◆ **The data**:

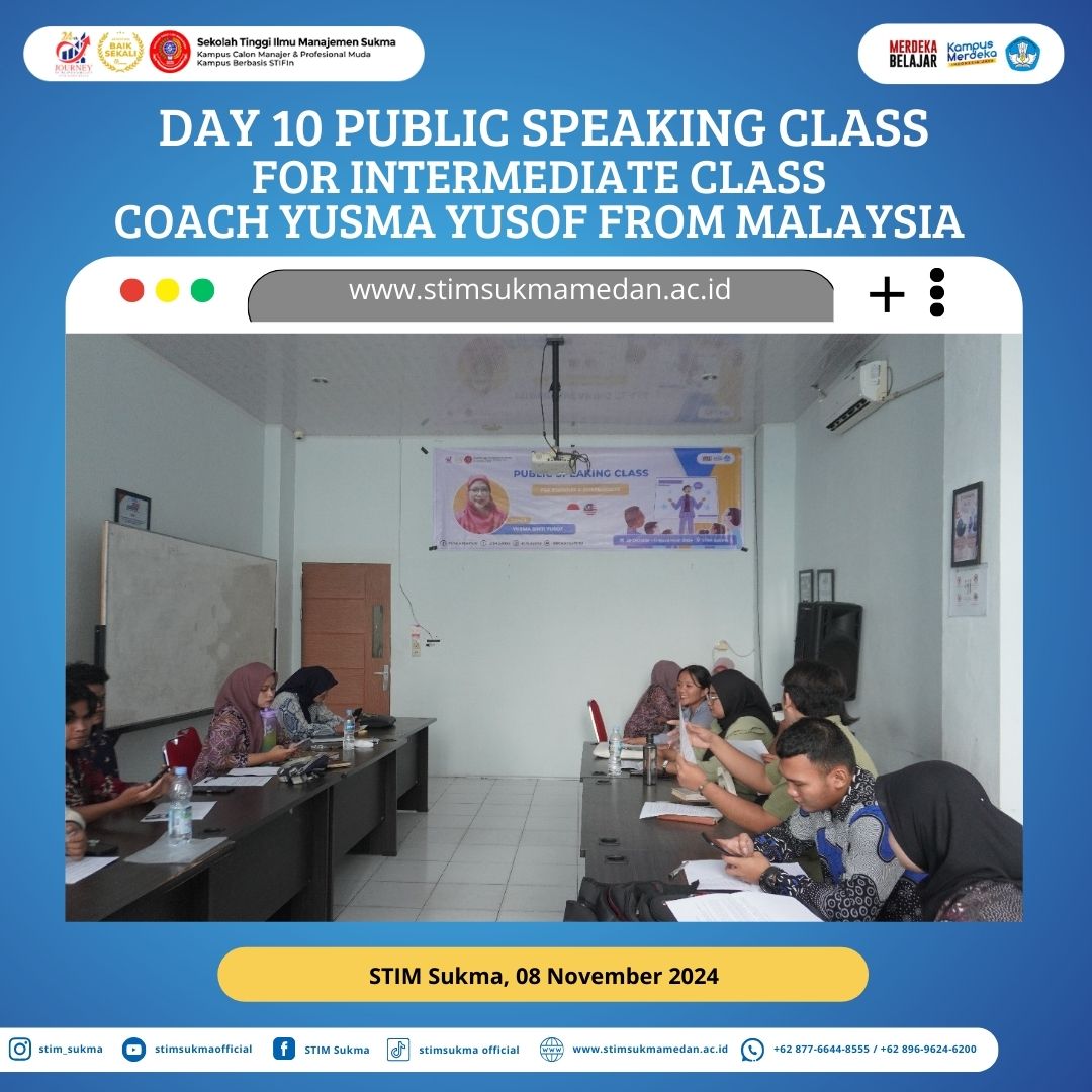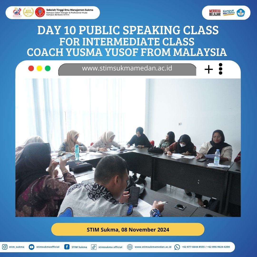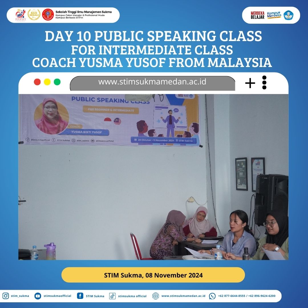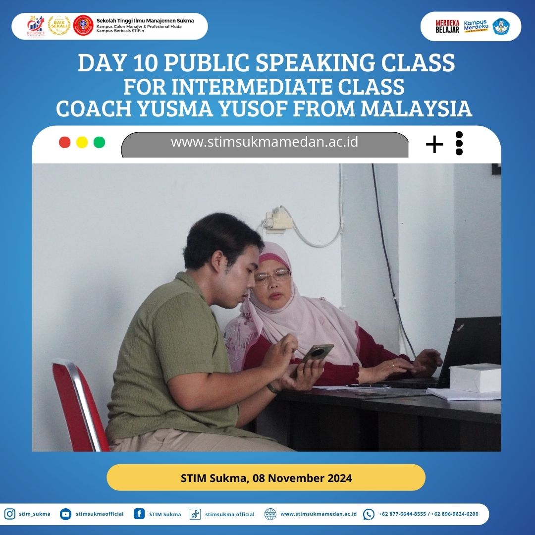 ✨ Hari ke-10 kelas Public Speaking untuk Intermediate Class di STIM Sukma Medan bersama Coach Yusma Yusof dari Malaysia! 🇲🇾 Para peserta sedang berdiskusi dan merevisi langkah presentasi mereka, memastikan setiap poin tersampaikan dengan baik dan jelas. Semoga semakin percaya diri saat tampil di depan audiens! 🎤📋💪
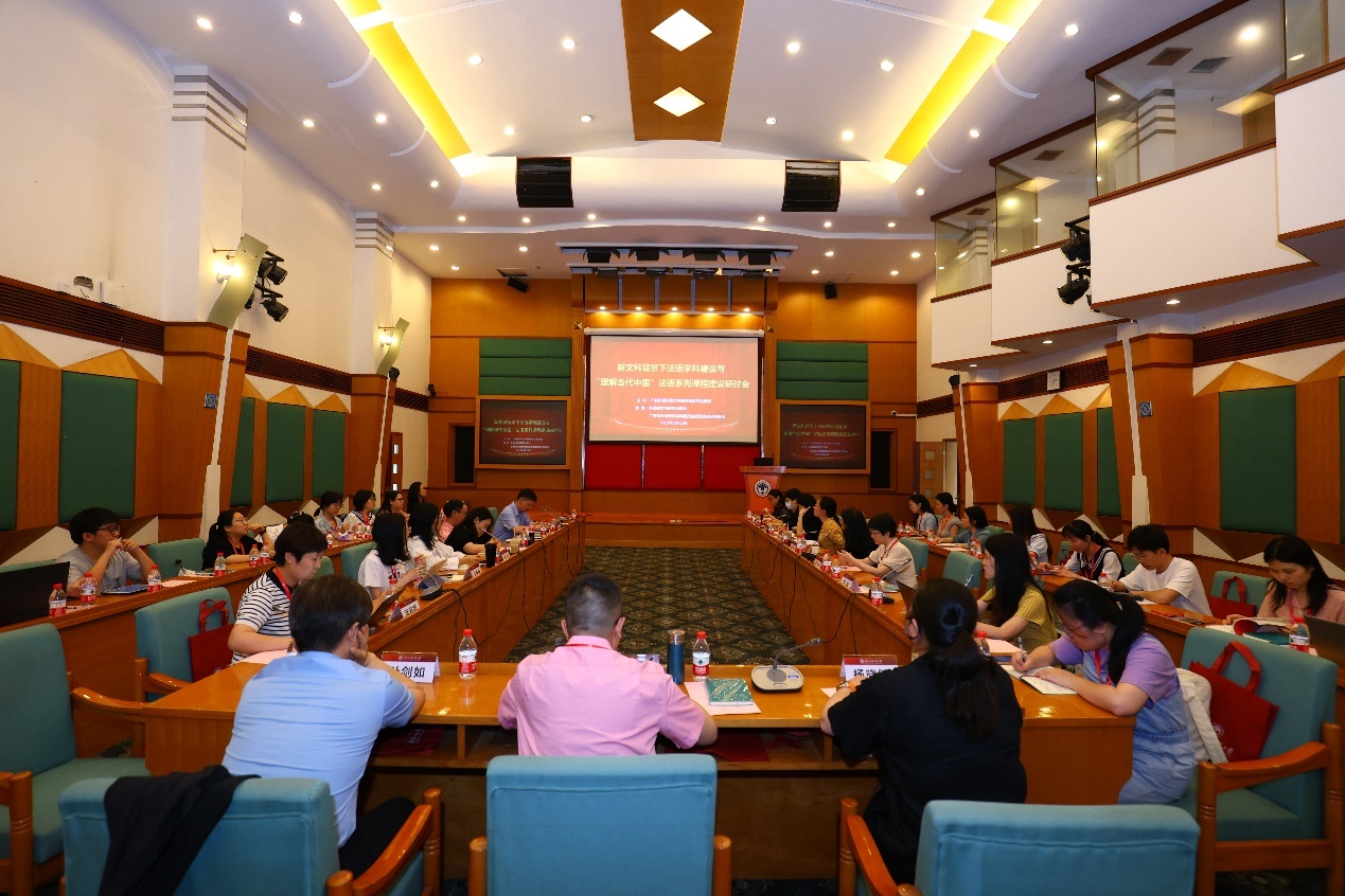 主办,外语教学与研究出版社及广东省外语教学指导委员会欧洲语言分委会协办,研讨会分为“新文科背景下法语学科建设”和“‘理解当代中国’法语系列课程建设”两个专题。
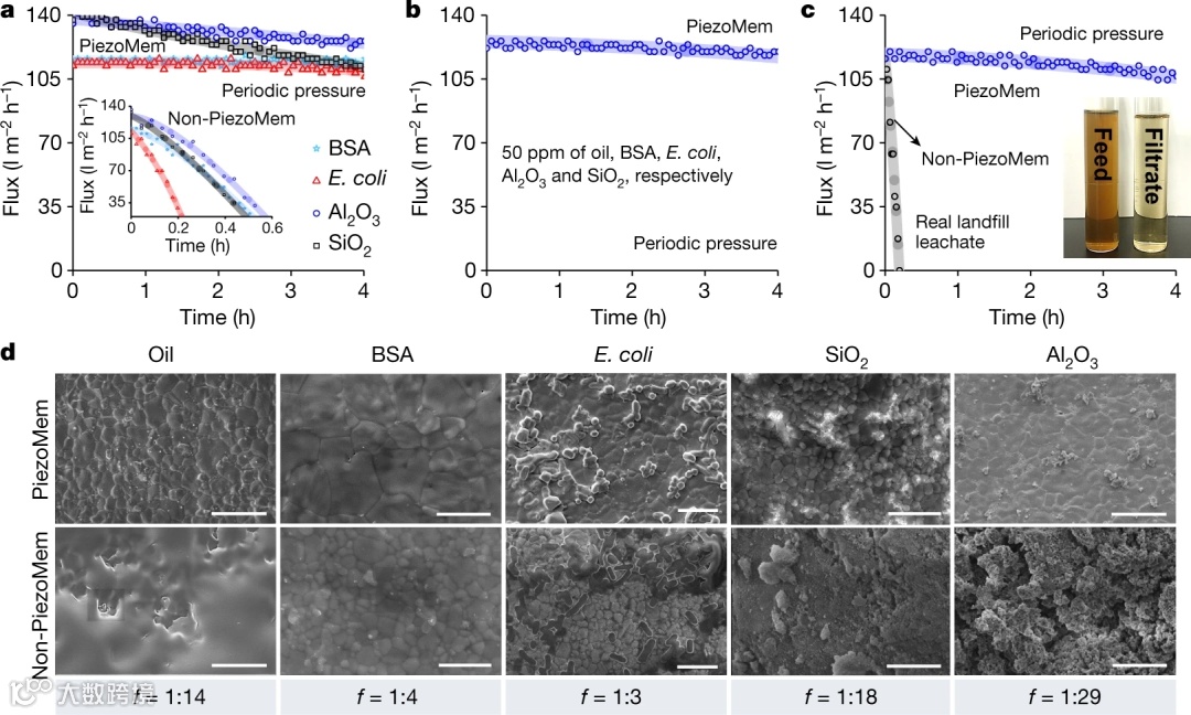 1. 为了研究PiezoMem防污性能的更广泛的适用性,本文用一系列常见的污物来测试该系统(平均孔径130 nm),包括蛋白质、微生物、胶体和SiO2−(571.2 nm,−25.9 mV)(图3a)。
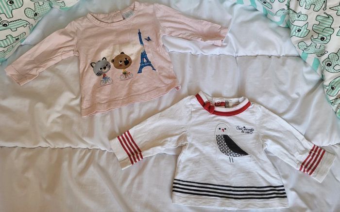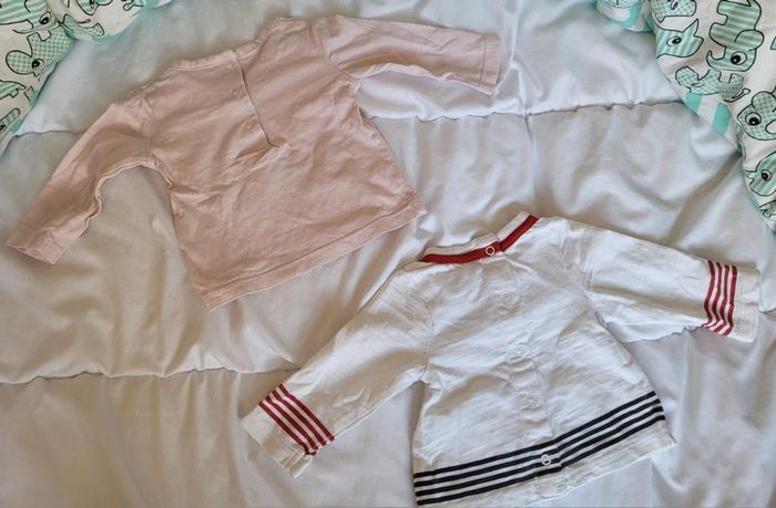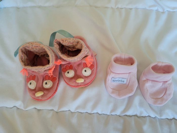 Joli lot bébé fille en taille 1 mois. Attention les 3 brassières ne sont plus dans le lot. Déjà vendues. - 1 paire de chaussons absorba en coton. Achetés neufs, portés 1 fois (cause pieds larges 😆). Le tissu peut se remonter ou non à la cheville. État quasi neuf - pantalon sarouel qui taille correctement. Doublé, donc chaud. Marque Tape à l'œil, 1 mois = 53 cm. Très bon état. Il est réglable à la taille et aux chevilles (voir les photos) - ce qui permet de l'adapter à la taille du bébé. - 1 T-shirt, motif chouette, qui s'ouvre complètement derrière grâce à des pressions. Petit col avec un noeud rouge. Petit point de couture suite à un accroc (voir la photo) qui ne se voit pas porté. Marque Orchestra. - 1 t-shirt à manches longues, rose avec un motif de "mouk" , qui s'ouvre à l'arrière grâce à 3 pressions. Marque la redoute Baby. TRÈS bon état. - 1 paire de chaussettes roses OFFERTE. Marque I love soxo. - des Adorables chaussons De naissance de la marque Moulin Roty. Hauteur réglable à la cheville grâce au tissu stretch qui se déroule. Petite chouette rose modèle "Mademoiselle et Ribambelle" avec un bec en pompon, des yeux brodés et des oreilles avec tulle. Dessous tissu également, jaune à pois blanc. 0/6mois. - Bonnet tout doux et tout chaud. Taille 0/1 mois et au-delà selon la taille de la tête de votre bébé. Il ferme par lanières à scratchs. Animal gris noeud rose.Excellent état. Porté quelques fois. Marque Orchestra. 2 paires de chaussettes roses offertes. #T1_3mois_baptlily #Chaussures_baptlily #accessoires_baptlily #T9_12mois_baptlily

◆ **About this exercise**: Starting with the line above that holds "主办,外语教学与研究出版社及", restate each line word for word up to and including the line that holds "nm),包括蛋白质、微生物、胶体和SiO2−(571.2 nm,−25.9 mV)(图3a)。". Drop the pictures.

◆ **Reply to the task**:
 主办,外语教学与研究出版社及广东省外语教学指导委员会欧洲语言分委会协办,研讨会分为“新文科背景下法语学科建设”和“‘理解当代中国’法语系列课程建设”两个专题。
 1. 为了研究PiezoMem防污性能的更广泛的适用性,本文用一系列常见的污物来测试该系统(平均孔径130 nm),包括蛋白质、微生物、胶体和SiO2−(571.2 nm,−25.9 mV)(图3a)。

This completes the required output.